Required work
What you give back from the listing below should be an exact copy of the lines from the one with "8mm - 8.5mm 3粒 ナチュラル あこや真珠 スルーネックレス ミラーボール" down to the one with "1年生は、オペレッタ『スイミ", and it should contain no pictures.

Source data
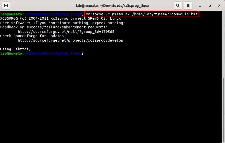 Download XC3SProg files for Mimas A7 from here, and change directory (using cd) to the downloaded folder in the terminal.
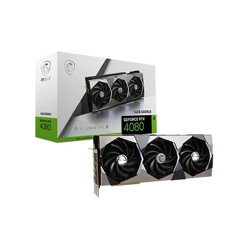 The MSI GeForce RTX 4080 16GB SUPRIM Graphics Card brings an enormous leap in performance, efficiency, and AI-powered graphics. It lets you experience ultra-high-performance gaming, incredibly detailed virtual worlds with ray tracing, unprecedented productivity, and new ways to create. It’s powered by the NVIDIA Ada Lovelace architecture and comes with 16 GB of G6X memory to deliver the ultimate experience for gamers and creators. The MSI GeForce RTX 4080 16GB SUPRIM features TRI FROZR 3S Thermal Design. Fan blades linked by ring arcs and a fan cowl work together to stabilize and maintain high-pressure airflow. The heat from the GPU and memory modules is captured by a copper baseplate and then rapidly transferred to Core Pipes. The heat from the GPU and memory modules is immediately captured by a solid nickel-plated copper baseplate and then rapidly transferred to an array of heat pipes. This widening of the thermal transfer systems with highly efficient mechanisms improves overall efficiency. Fins with a V-shaped cutout are located at the airflow passthrough to improve flow efficiency. MSI GeForce RTX 4080 16GB SUPRIM Graphics Card comes with Dual BIOS that gives you the choice to prioritize full performance in GAMING mode or low noise in SILENT mode. It comes with a bundled support bracket that can be attached to your PC case for additional graphics card reinforcement. The MSI GeForce RTX 4080 16GB SUPRIM comes with 3 years warranty.
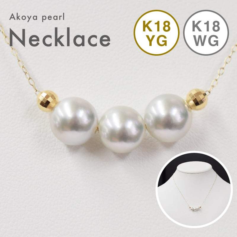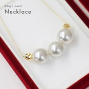 8mm - 8.5mm 3粒 ナチュラル あこや真珠 スルーネックレス ミラーボール
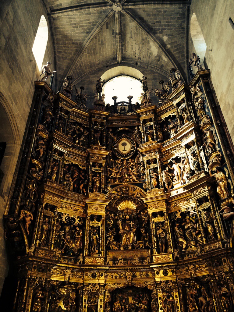 By that time it was late in the morning, so I decided to take the bus to Santa Domingo. And I’m so glad I did. It turned into a completely relaxed, pleasant day. I had one of those extended lunches at a cafe facing the cathedral. I went to the small prayer meeting offered by the brothers who ran the albergue. I did laundry and visited the backyard chicken coop that supplies the cathedral chickens, who are not even on ground level but in a ridiculously backlight sort of alter a story high so you can’t even interact with them. Now that was disappointing, but I went back to talk to the patio chickens.
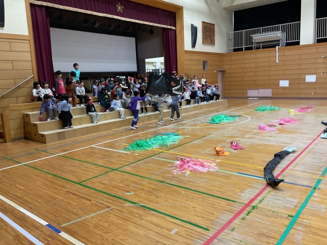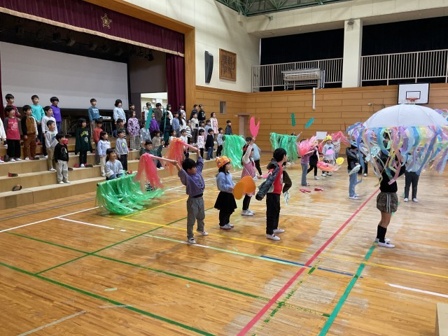 1年生は、オペレッタ『スイミー』を発表しています。保護者の皆さんへの元気な挨拶から始まり、たくさんの可愛らしいスイミー一人ひとりが、覚えたせりふを大きな声で、気持ちを込めて、ジェスチャーも交えながら演じています。
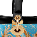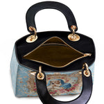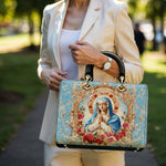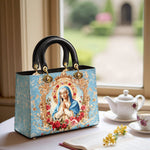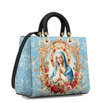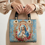 This Lady Leather Bag features a graceful depiction of the Blessed Virgin Mary, hands folded in prayer and crowned with delicate gold accents. She is framed by an ornate floral arch of roses and surrounded by soft patterns on a sky-blue background, creating an atmosphere of serenity and sacred elegance. Her gentle gaze and flowing blue veil reflect purity, peace, and divine love.
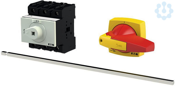 Hauptschalter, Sortiment: Hauptschalter, Wartungsschalter, Typkenner: P3, Stopp-Funktion: NOT-AUS-Funktion, mit rotem Drehgriff und gelbem Sperrkranz, Hinweise: mit Metallwelle für eine Schaltpulttiefe von 400 mm, Information zum Lieferumfang: Hilfskontakt oder Neutralleiter kundenseitig montiert., 3-polig, Verriegelungsvorrichtung: In der Position 0 (Aus) verriegelbar, Schutzart: Front IP65, Bauform: rückseitiger Einbau, Bemessungsbetriebsleistung AC-23A, 50 - 60 Hz 400 V: P = 55 kW, Bemessungsdauerstrom: Iu = 100 A, Normen und Bestimmungen: IEC/EN 60947, VDE 0660, IEC/EN 60204
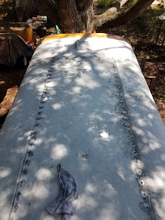 The holes were filled with Bondo on a patch of window screen material, and then the whole floor liberally coated with a primer of Rustoleum.
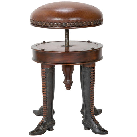 An adjustable, revolving stool having four bronze legs & feet in the shape of boots with leather upholstered brass studded seat.
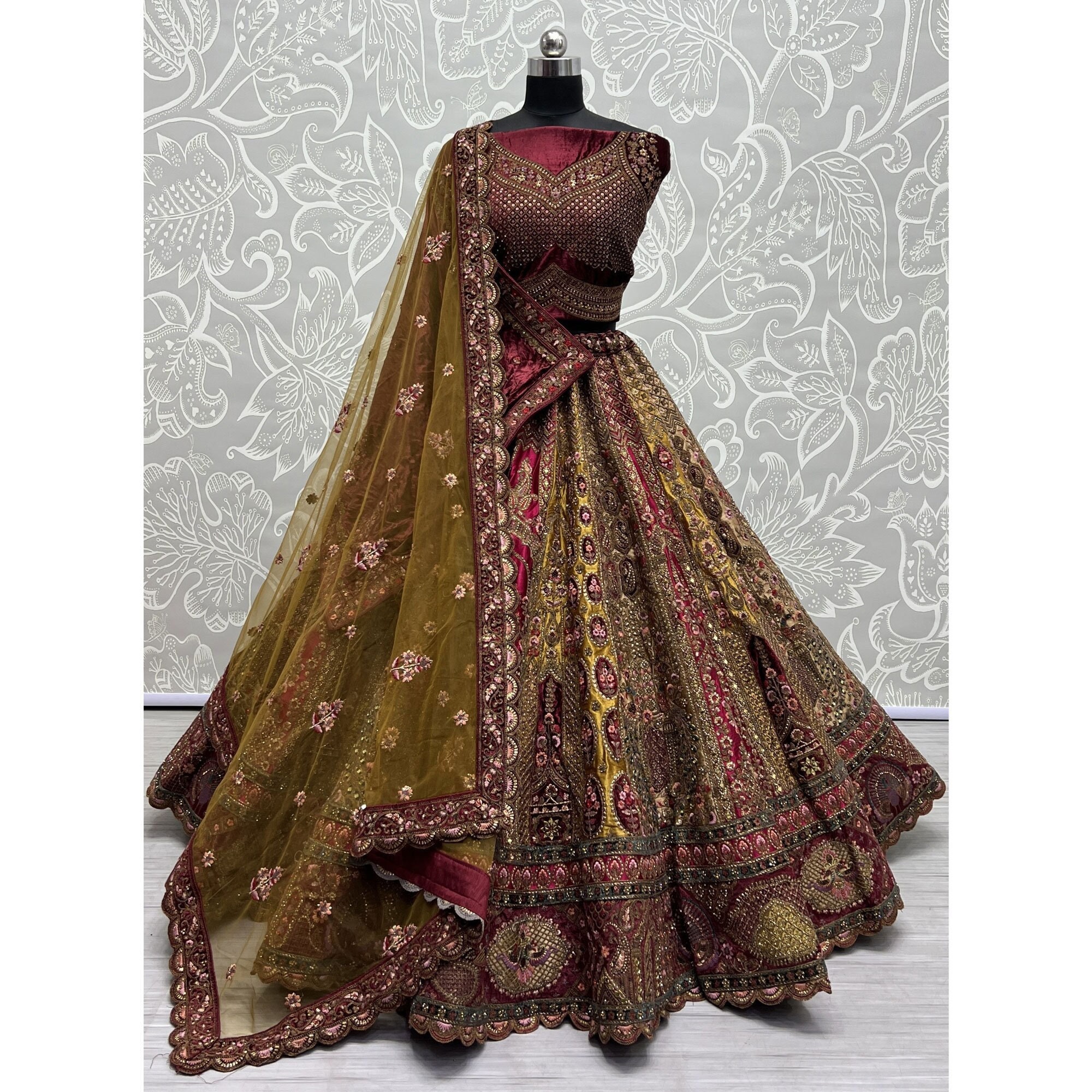 Bridal Wedding Maroon Lehenga Choli Chunri Lengha Bird Design Indian Sari Saree | eBay
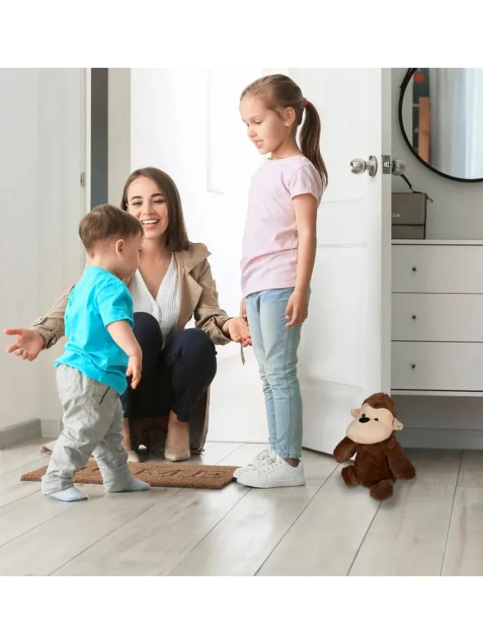 Dieser dekorative Türaufhalter in Form eines niedlichen Affens ist ideal geeignet, um unbeabsichtigtes Anschlagen oder Zuknallen von Türen zu verhindern. Durch die Schwere des mit Sand gefüllten Türpuffers steht dieser stabil und sicher auf dem Boden. Der Türsack aus weichem Stoff beugt Beschädigungen an Türen und Möbeln vor und kann jederzeit flexibel neu platziert werden. Dank seiner Höhe ist der Bodenstopper auch für höher gelegene Türen wie die Balkon- oder Terrassentür verwendbar.
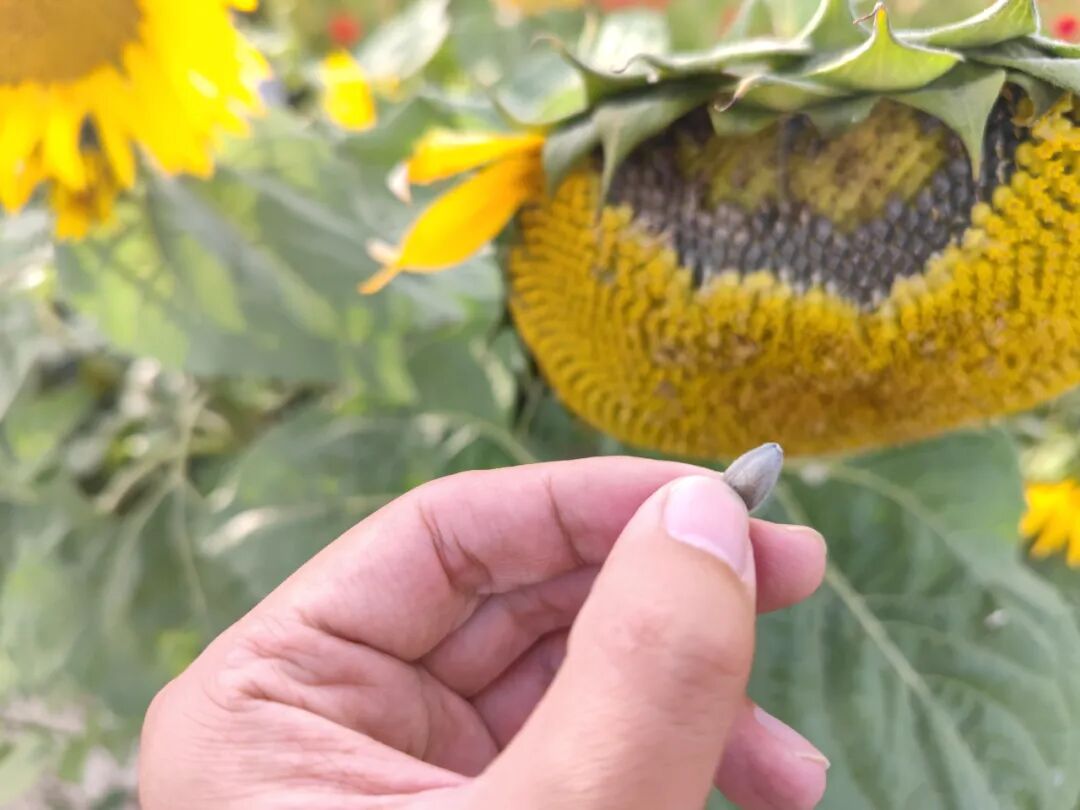 揪了一个向日葵的瓜子。

Answer space
 8mm - 8.5mm 3粒 ナチュラル あこや真珠 スルーネックレス ミラーボール
 By that time it was late in the morning, so I decided to take the bus to Santa Domingo. And I’m so glad I did. It turned into a completely relaxed, pleasant day. I had one of those extended lunches at a cafe facing the cathedral. I went to the small prayer meeting offered by the brothers who ran the albergue. I did laundry and visited the backyard chicken coop that supplies the cathedral chickens, who are not even on ground level but in a ridiculously backlight sort of alter a story high so you can’t even interact with them. Now that was disappointing, but I went back to talk to the patio chickens.
 1年生は、オペレッタ『スイミー』を発表しています。保護者の皆さんへの元気な挨拶から始まり、たくさんの可愛らしいスイミー一人ひとりが、覚えたせりふを大きな声で、気持ちを込めて、ジェスチャーも交えながら演じています。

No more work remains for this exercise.